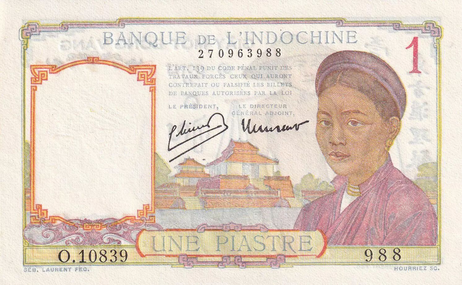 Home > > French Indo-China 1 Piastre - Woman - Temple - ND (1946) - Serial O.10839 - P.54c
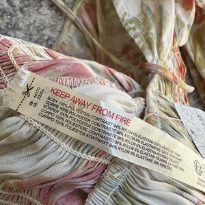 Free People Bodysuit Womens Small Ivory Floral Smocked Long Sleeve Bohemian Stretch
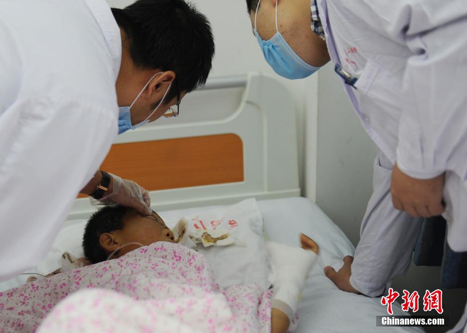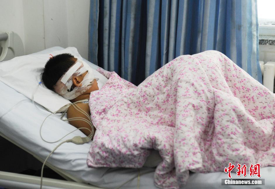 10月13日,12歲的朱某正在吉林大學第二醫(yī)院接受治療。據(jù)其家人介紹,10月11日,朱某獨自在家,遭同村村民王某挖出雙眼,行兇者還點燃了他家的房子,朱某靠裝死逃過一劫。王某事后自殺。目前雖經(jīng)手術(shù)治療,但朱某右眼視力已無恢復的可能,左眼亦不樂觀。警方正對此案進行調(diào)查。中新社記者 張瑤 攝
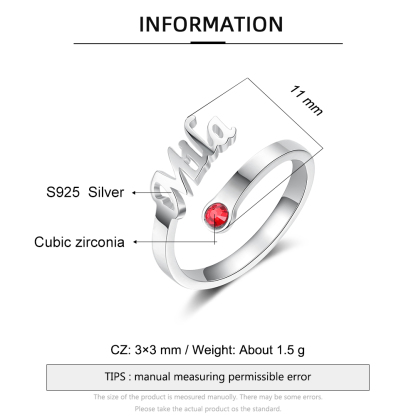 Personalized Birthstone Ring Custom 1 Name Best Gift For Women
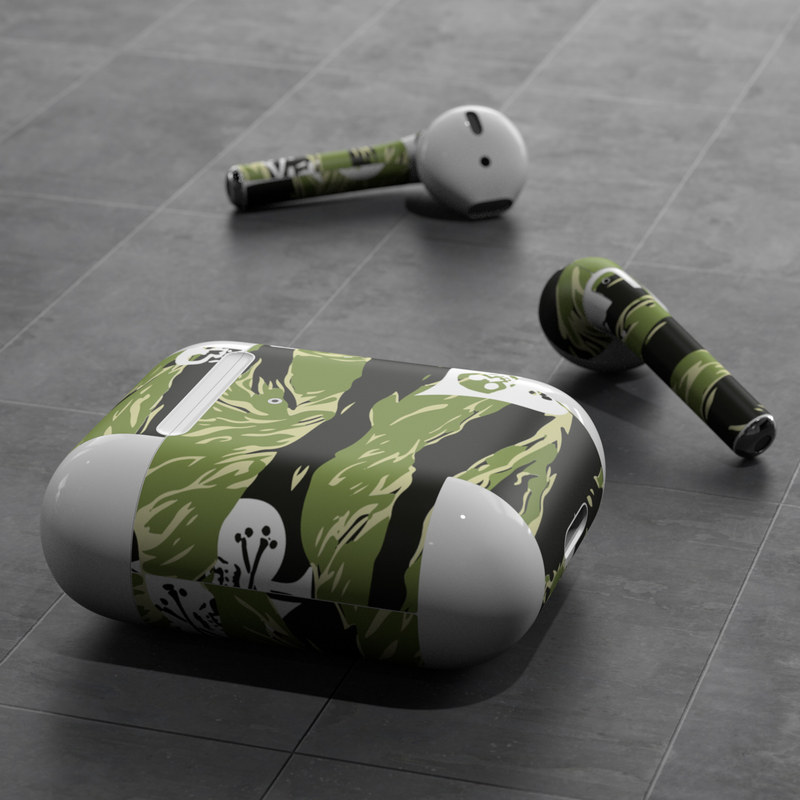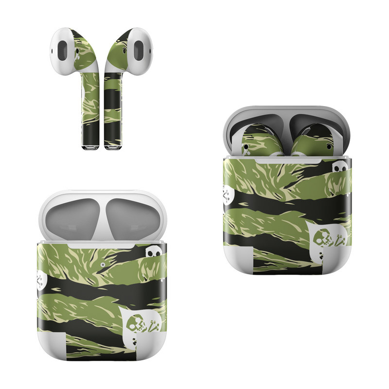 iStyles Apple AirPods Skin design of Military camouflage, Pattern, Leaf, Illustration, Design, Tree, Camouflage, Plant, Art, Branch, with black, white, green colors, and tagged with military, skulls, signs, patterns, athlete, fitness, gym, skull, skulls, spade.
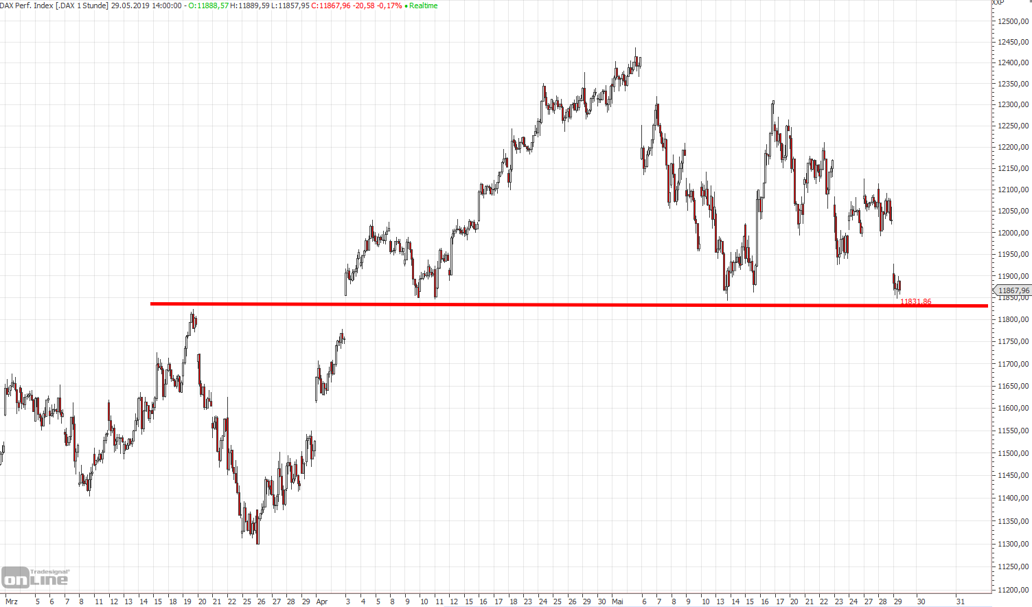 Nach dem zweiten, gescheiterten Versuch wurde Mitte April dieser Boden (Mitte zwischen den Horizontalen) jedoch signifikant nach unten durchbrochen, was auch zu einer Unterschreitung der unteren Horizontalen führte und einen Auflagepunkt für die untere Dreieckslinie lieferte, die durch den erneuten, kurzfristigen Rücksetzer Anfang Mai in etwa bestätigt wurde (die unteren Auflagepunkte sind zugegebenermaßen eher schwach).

----

● **What this task involves**: From the first line through the line with "Personalized Birthstone Ring", output those lines of the entries above exactly, and nothing else, with the pictures left out.

● **Response**:
 Home > > French Indo-China 1 Piastre - Woman - Temple - ND (1946) - Serial O.10839 - P.54c
 Free People Bodysuit Womens Small Ivory Floral Smocked Long Sleeve Bohemian Stretch
 10月13日,12歲的朱某正在吉林大學第二醫(yī)院接受治療。據(jù)其家人介紹,10月11日,朱某獨自在家,遭同村村民王某挖出雙眼,行兇者還點燃了他家的房子,朱某靠裝死逃過一劫。王某事后自殺。目前雖經(jīng)手術(shù)治療,但朱某右眼視力已無恢復的可能,左眼亦不樂觀。警方正對此案進行調(diào)查。中新社記者 張瑤 攝
 Personalized Birthstone Ring Custom 1 Name Best Gift For Women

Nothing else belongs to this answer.